In fairness to Defendant MERS, the present motion was filed several months before Residential Funding was issued. Nonetheless, Defendants' brief does not state which Defendant was the "foreclosing entity." Defendants' exhibits do not rule out the possibility that MERS improperly acted in that role in the present foreclosure. See Matthews v. Mortgage Electronic Registration Systems, 2011 WL 2563180, *2 (E.D.Mich.) (E.D.Mich.2011)(Murphy, J.). Therefore, claims against MERS stated in Count IV, ¶1 of the Complaint should not be dismissed.

B. Claims Under TILA and HOEPA are Subject to Dismissal

Present Defendants BOA, Countrywide, and MERS argue that because none of them was the originating lender in the January 7, 2005 mortgage agreement, TILA's requirements are inapplicable. Defendants' Brief at 5-7. Citing 15 U.S.C. § 1641(a), they note that they are not liable under TILA as either assignees or agents of the originating lender. Id. at 7-8. They argue further that the TILA and HOEPA claims are time-barred. Id. at 4-5, 8-9.

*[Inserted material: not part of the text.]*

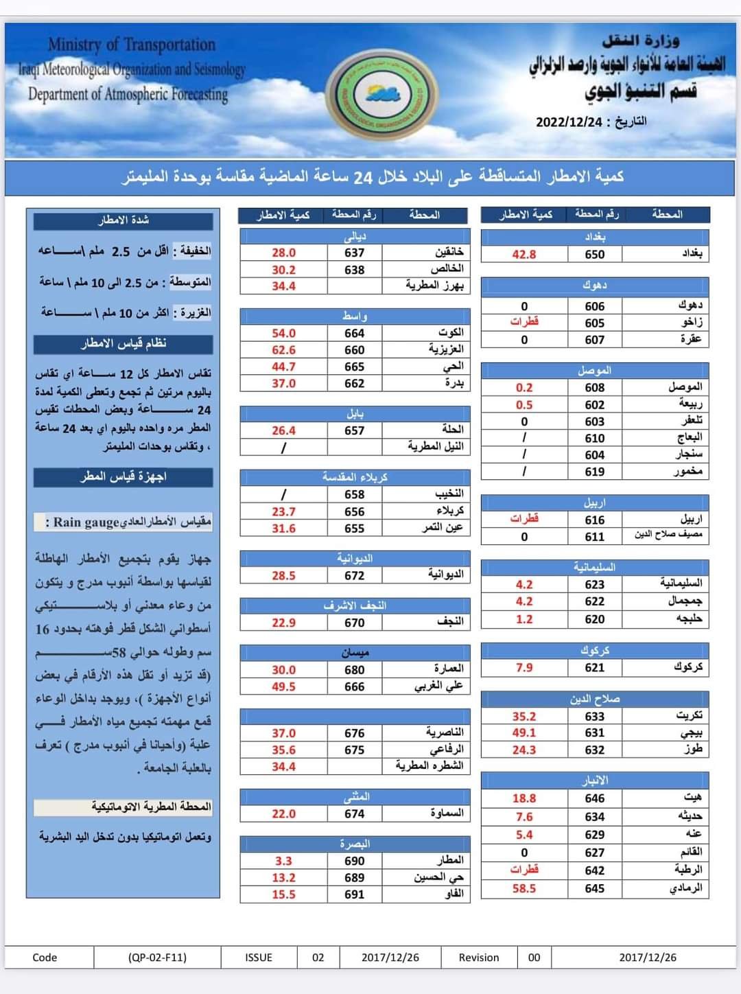 كمية الأمطار المتساقطة خلال ٢٤ ساعة ماضية ?
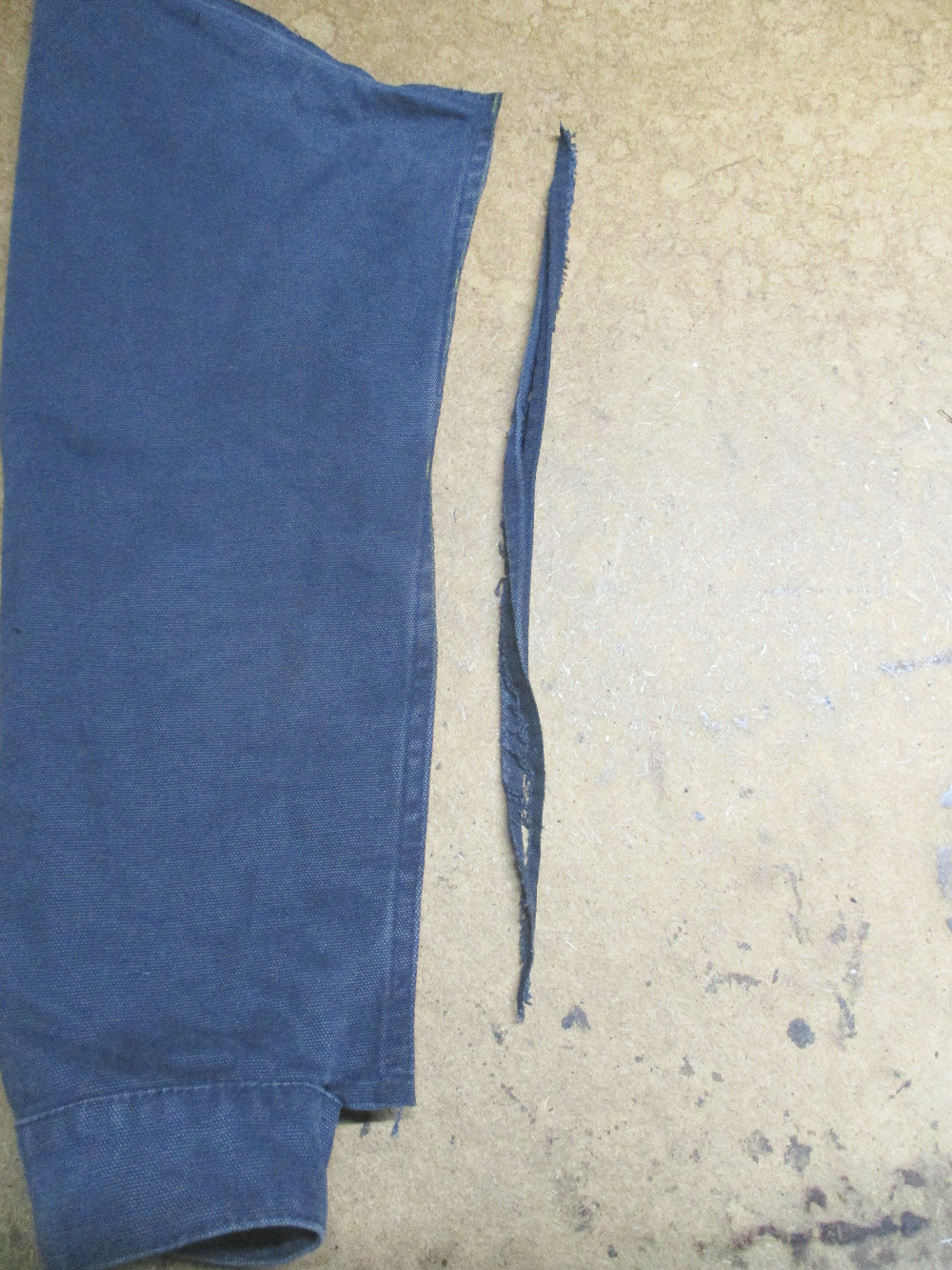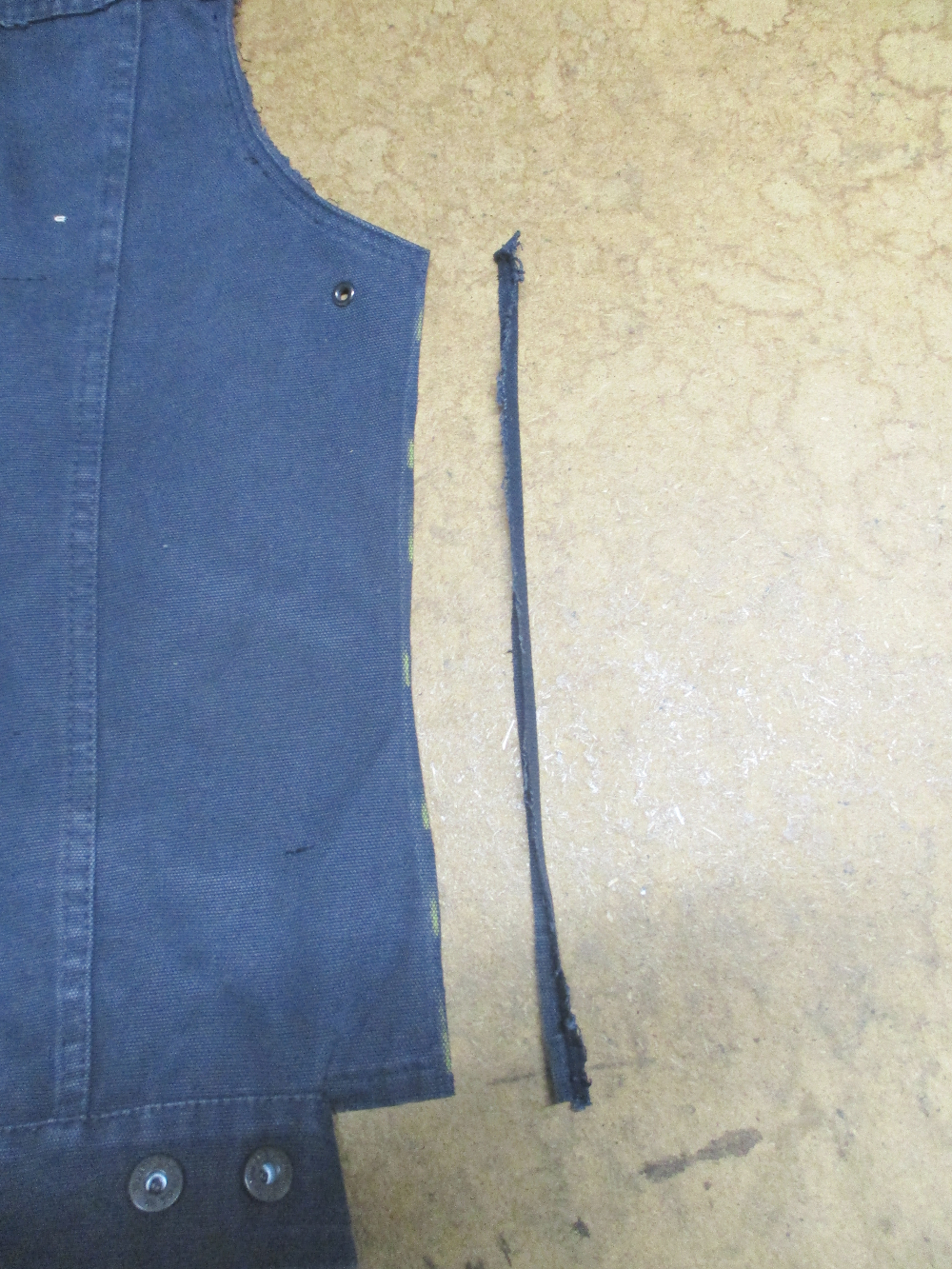 5枚目は前身ごろの脇から裾のサイドの生地をカットした写真です。

Even assuming that the TILA claims had some merit, they are wholly barred by the statute of limitations. The mortgage was executed on January 7, 2005. Plaintiffs filed suit on May 18, 2010. The one-year statute of limitations on claims for damages under the Act has long since passed. 15 U.S.C. § 1640(e). Plaintiffs' claims under HOEPA are subject to the same statute of limitations. As either assignees or agents of the originating lender, present Defendants' liability would be limited to instances where the disclosure statement was facially inadequate. see § 1641(a). Plaintiffs have made no such claims.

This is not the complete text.